START Provided data

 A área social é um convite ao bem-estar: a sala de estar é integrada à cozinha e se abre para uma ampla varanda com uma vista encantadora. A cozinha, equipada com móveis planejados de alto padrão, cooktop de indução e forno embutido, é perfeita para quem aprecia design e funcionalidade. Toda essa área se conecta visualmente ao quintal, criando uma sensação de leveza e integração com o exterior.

END Provided data
START Provided data

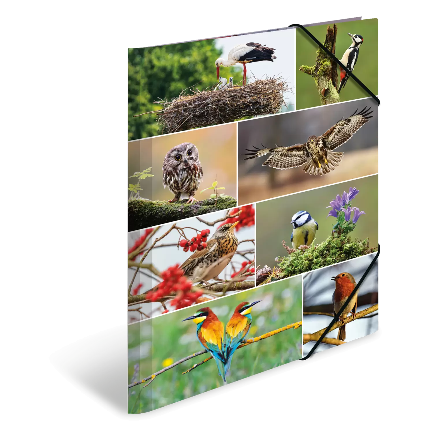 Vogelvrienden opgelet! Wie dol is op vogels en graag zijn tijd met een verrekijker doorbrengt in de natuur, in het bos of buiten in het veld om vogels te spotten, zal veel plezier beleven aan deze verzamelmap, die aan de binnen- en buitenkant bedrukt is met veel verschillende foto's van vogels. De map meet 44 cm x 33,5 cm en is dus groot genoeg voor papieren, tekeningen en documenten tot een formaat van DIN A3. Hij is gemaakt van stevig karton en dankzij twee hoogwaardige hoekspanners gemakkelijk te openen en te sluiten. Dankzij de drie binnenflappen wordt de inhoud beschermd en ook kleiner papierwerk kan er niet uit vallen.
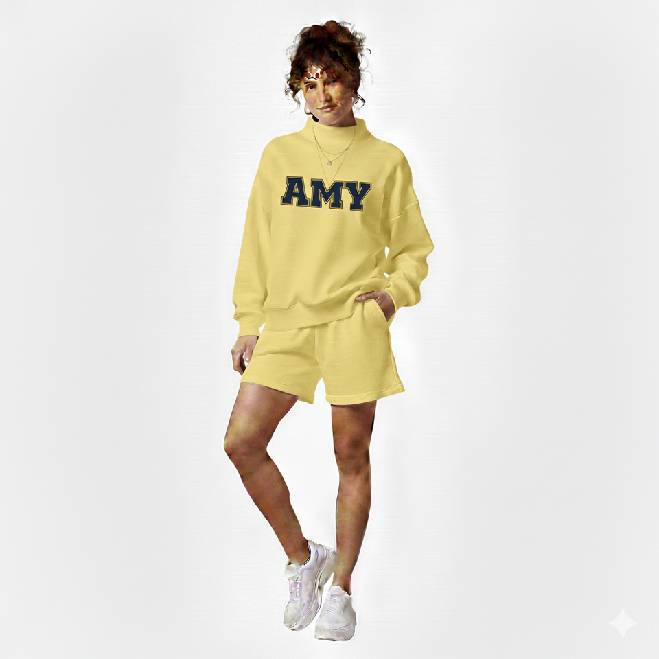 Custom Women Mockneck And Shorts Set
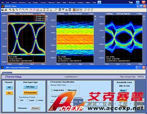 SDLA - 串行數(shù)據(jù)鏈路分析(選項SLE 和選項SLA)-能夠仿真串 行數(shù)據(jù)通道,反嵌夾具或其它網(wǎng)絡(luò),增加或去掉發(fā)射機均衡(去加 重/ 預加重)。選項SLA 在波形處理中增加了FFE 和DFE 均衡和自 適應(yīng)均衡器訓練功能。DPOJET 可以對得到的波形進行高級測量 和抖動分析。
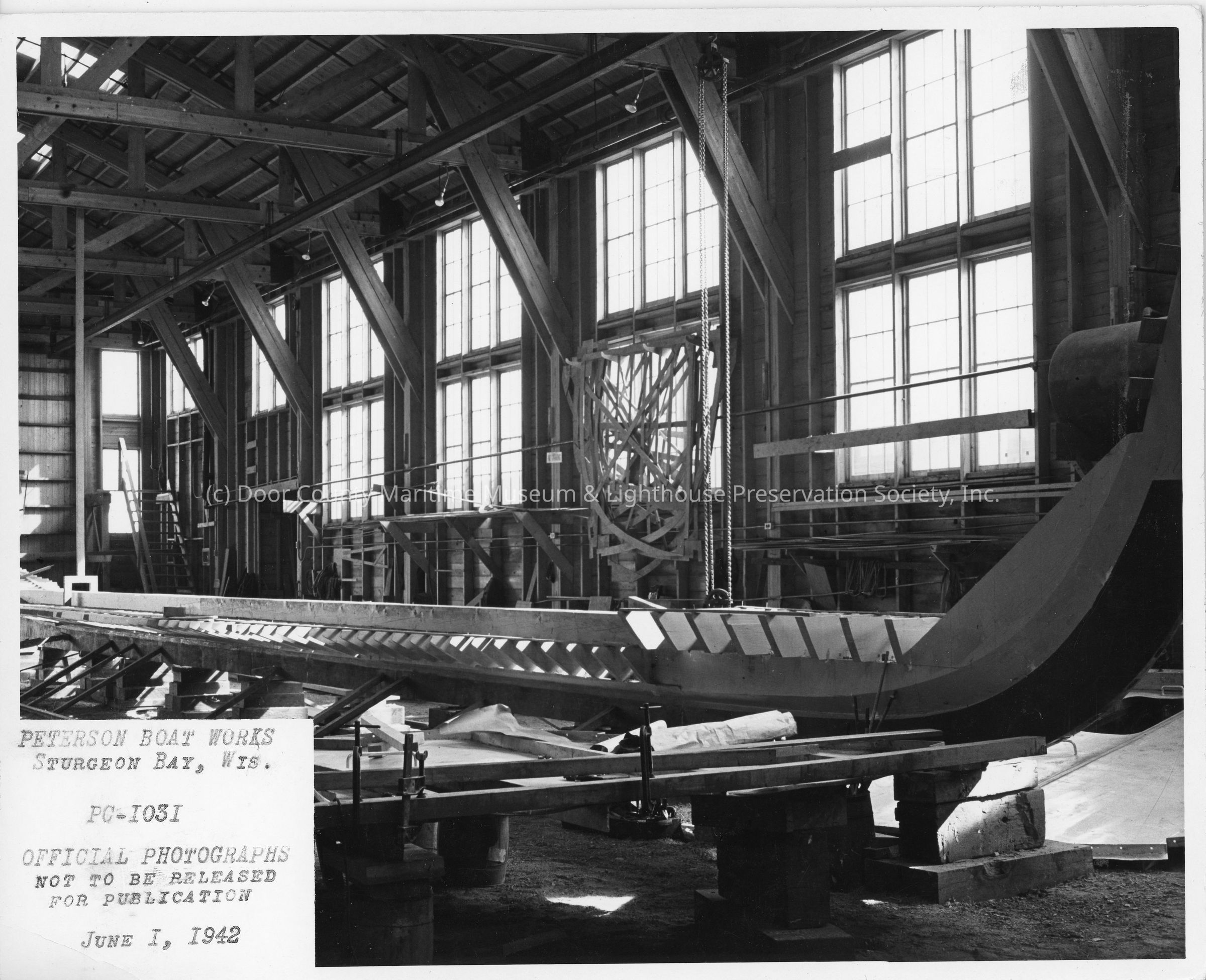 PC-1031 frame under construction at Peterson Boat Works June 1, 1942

END Provided data

Activity: After locating "SDLA - 串行數(shù)據(jù)鏈路分析(選項SLE" and "PC-1031 frame under" in the records above, return exactly the line holding each one and every line between them; leave out the pictures.

Solution for this exercise:
 SDLA - 串行數(shù)據(jù)鏈路分析(選項SLE 和選項SLA)-能夠仿真串 行數(shù)據(jù)通道,反嵌夾具或其它網(wǎng)絡(luò),增加或去掉發(fā)射機均衡(去加 重/ 預加重)。選項SLA 在波形處理中增加了FFE 和DFE 均衡和自 適應(yīng)均衡器訓練功能。DPOJET 可以對得到的波形進行高級測量 和抖動分析。
 PC-1031 frame under construction at Peterson Boat Works June 1, 1942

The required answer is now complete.